RE-GrievanceAssist: Enhancing Customer Experience through ML-Powered Complaint Management
Venkatesh C, Harshit Oberoi, Anurag Kumar Pandey, Anil Goyal, Nikhil Sikka
TL;DR
RE-GrievanceAssist tackles the challenge of high-volume real estate customer complaints by delivering an end-to-end ML pipeline for triage, routing, and auto-replies.

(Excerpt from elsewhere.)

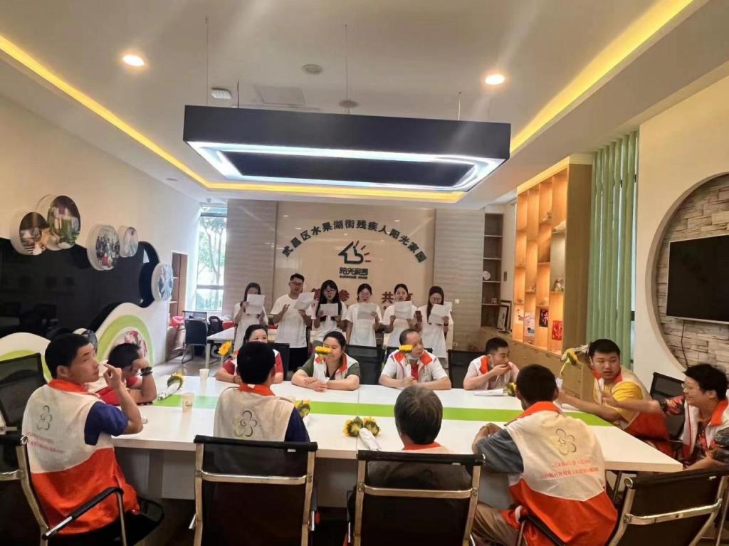 (图为团队全体成员在水果湖街残疾人阳光家园合影 通讯员 徐江敏 供图)
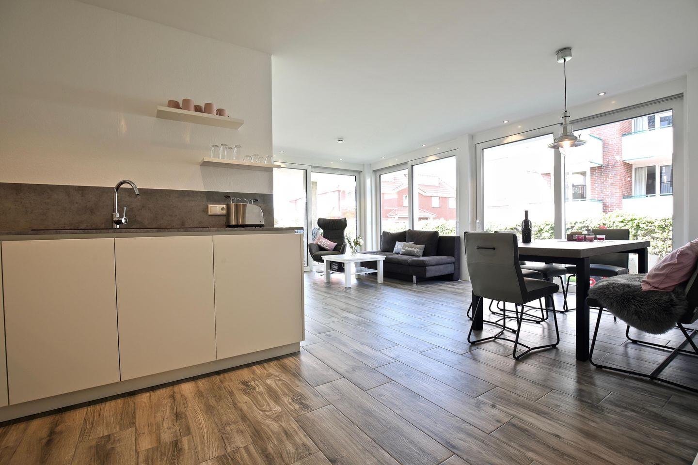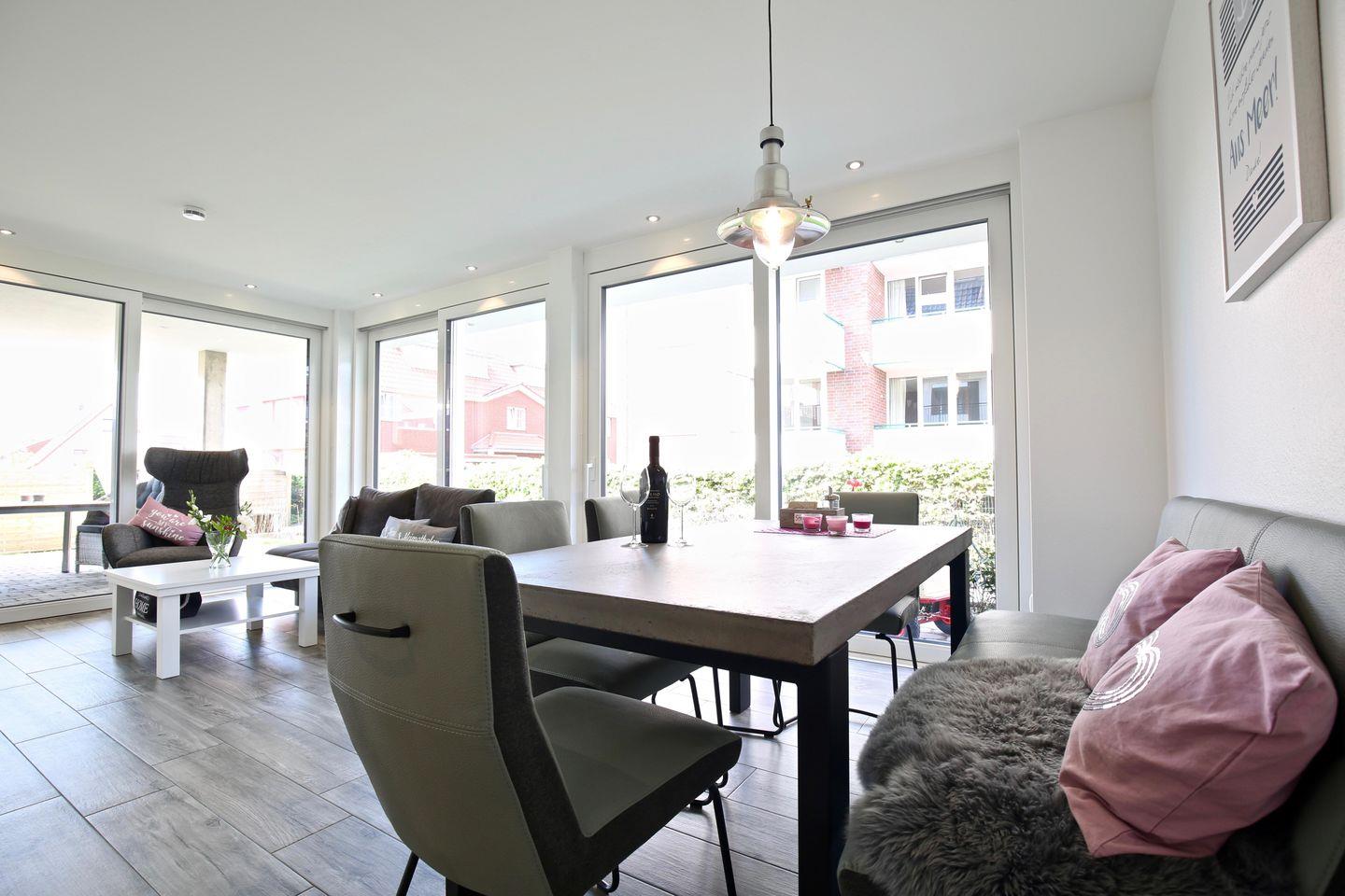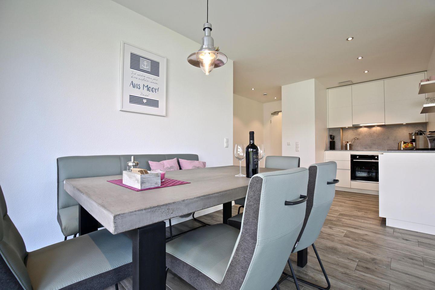 Vom Wohn-Essbereich aus haben Sie einen direkten Zugang zur hochwertig möblierten Terrasse. Eine moderne Einbauküche mit Backofen, Kühlschrank mit Gefrierfach und Spülmaschine ermöglicht Ihnen eine angenehme Selbstverpflegung. Ebenfalls steht ein Waschtrockner in der Wohnung zur Verfügung.

It combines a response/no-response classifier using TF-IDF with XGBoost, a user-type classifier using FastText, and a hierarchical issue/sub-issue classifier using TF-IDF plus XGBoost, deployed as a Databricks batch workflow. On a test set, the components achieve F1-scores of $86.39\%$, $90\%$, $72.95\%$, and $62.23\%$ for response/no-response, user-type, issue, and sub-issue respectively, indicating strong discriminative performance. In deployment, the system automates around $40\%$ of tickets and reduces manual effort by about $50\%$ for the remainder, yielding monthly savings of Rs $1,50,000$ since August 2023 and facilitating faster grievance resolution in the real-estate domain.
Abstract
In recent years, digital platform companies have faced increasing challenges in managing customer complaints, driven by widespread consumer adoption. This paper introduces an end-to-end pipeline, named RE-GrievanceAssist, designed specifically for real estate customer complaint management. The pipeline consists of three key components: i) response/no-response ML model using TF-IDF vectorization and XGBoost classifier ; ii) user type classifier using fasttext classifier; iii) issue/sub-issue classifier using TF-IDF vectorization and XGBoost classifier. Finally, it has been deployed as a batch job in Databricks, resulting in a remarkable 40% reduction in overall manual effort with monthly cost reduction of Rs 1,50,000 since August 2023.